§ **What you are asked to do**
Each line below must be set down exactly; omit any image you find.
━━━ Source material ━━━
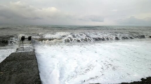 Начало февраля в Адлере было холодным и штормовым, посмотрим на набережную и пляж "Чайка"
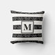 Monogramm Schwarz-weiß gestreiftes Design Kissen
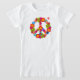 ¡Peave, amor y armonía! ¡Este signo de la paz magnífico se adorna con las flores bonitas apenas para los chicas! Una mariposa bonita asoma arriba. Características del este diseño en una gran gama de la ropa del chica.
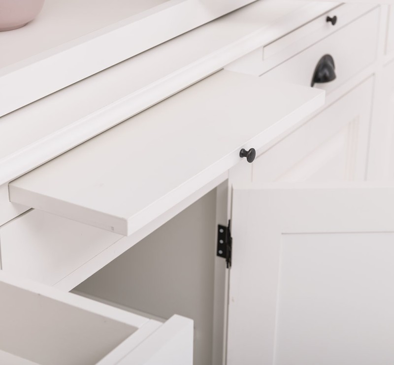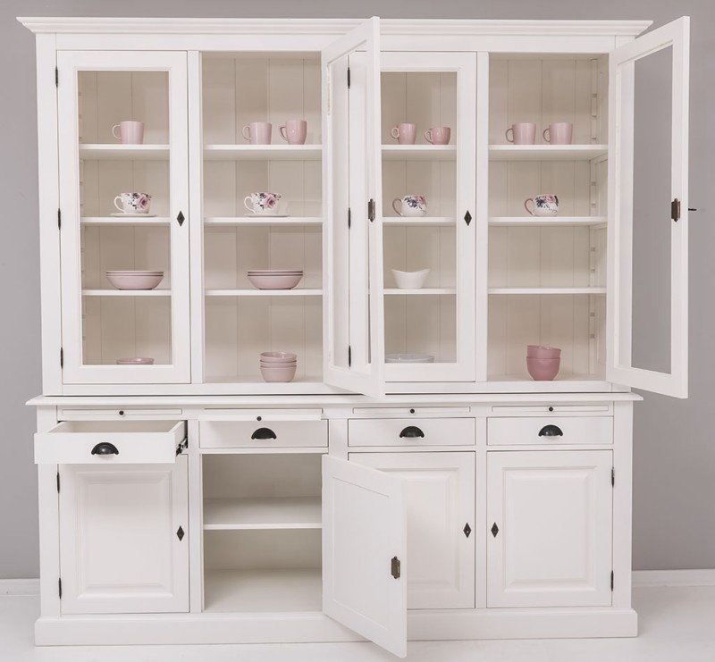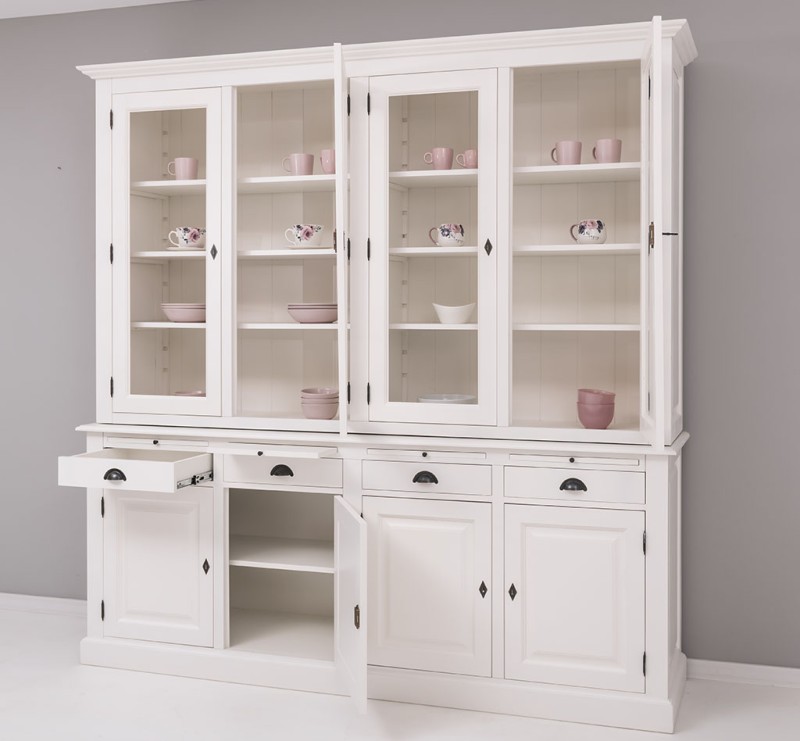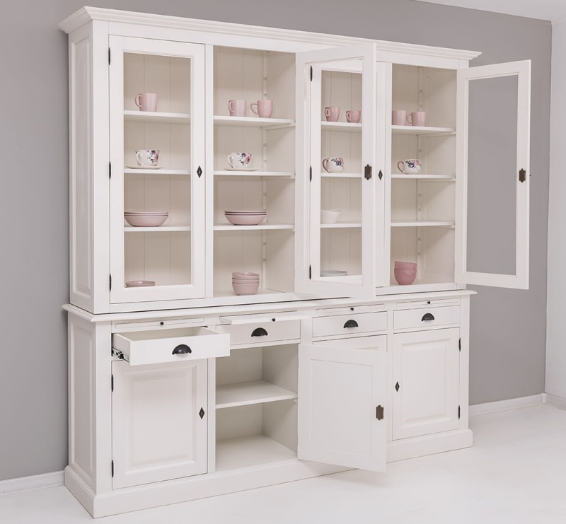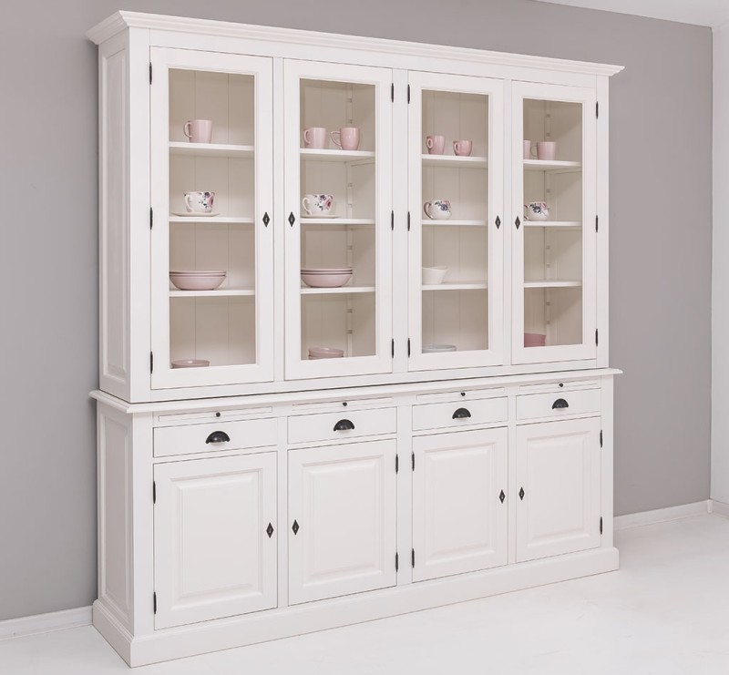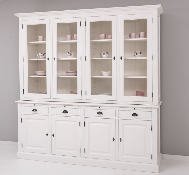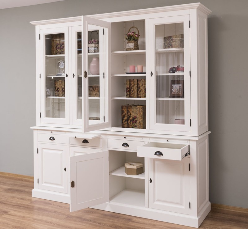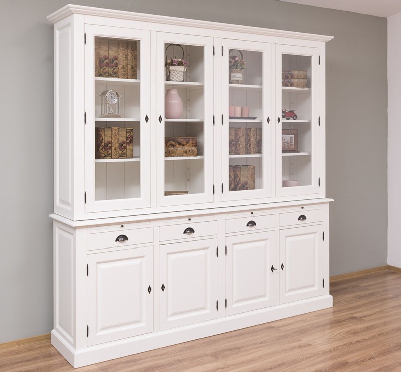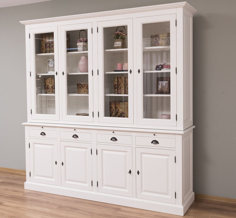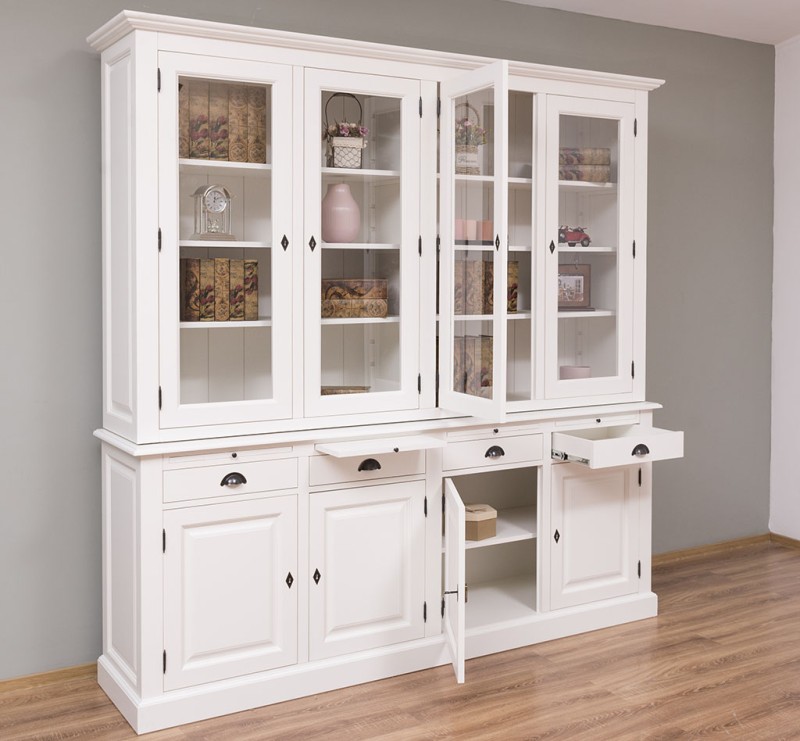 Erfreuen Sie sich an der klassischen Eleganz dieser Vitrine, welche nicht nur über vier geschlossene Türen und vier Schubladen verfügt, sondern auch hinter den vier großen Glastüren im oberen Teil Platz für Dekoration bietet. Diese Vitrine im Landhausstil ist ein hochwertiges, zeitloses Möbelstück, welches überall in Ihrem Haus einen prägenden Eindruck hinterlässt und eine gute Figur macht. Entdecken Sie die ideale Verbindung von Organisation und Präsentation. Dieses Möbelstück vereint auf elegante Weise Funktionalität und Ästhetik.
━━━
§ **Your response**
 Начало февраля в Адлере было холодным и штормовым, посмотрим на набережную и пляж "Чайка"
 Monogramm Schwarz-weiß gestreiftes Design Kissen
 ¡Peave, amor y armonía! ¡Este signo de la paz magnífico se adorna con las flores bonitas apenas para los chicas! Una mariposa bonita asoma arriba. Características del este diseño en una gran gama de la ropa del chica.
 Erfreuen Sie sich an der klassischen Eleganz dieser Vitrine, welche nicht nur über vier geschlossene Türen und vier Schubladen verfügt, sondern auch hinter den vier großen Glastüren im oberen Teil Platz für Dekoration bietet. Diese Vitrine im Landhausstil ist ein hochwertiges, zeitloses Möbelstück, welches überall in Ihrem Haus einen prägenden Eindruck hinterlässt und eine gute Figur macht. Entdecken Sie die ideale Verbindung von Organisation und Präsentation. Dieses Möbelstück vereint auf elegante Weise Funktionalität und Ästhetik.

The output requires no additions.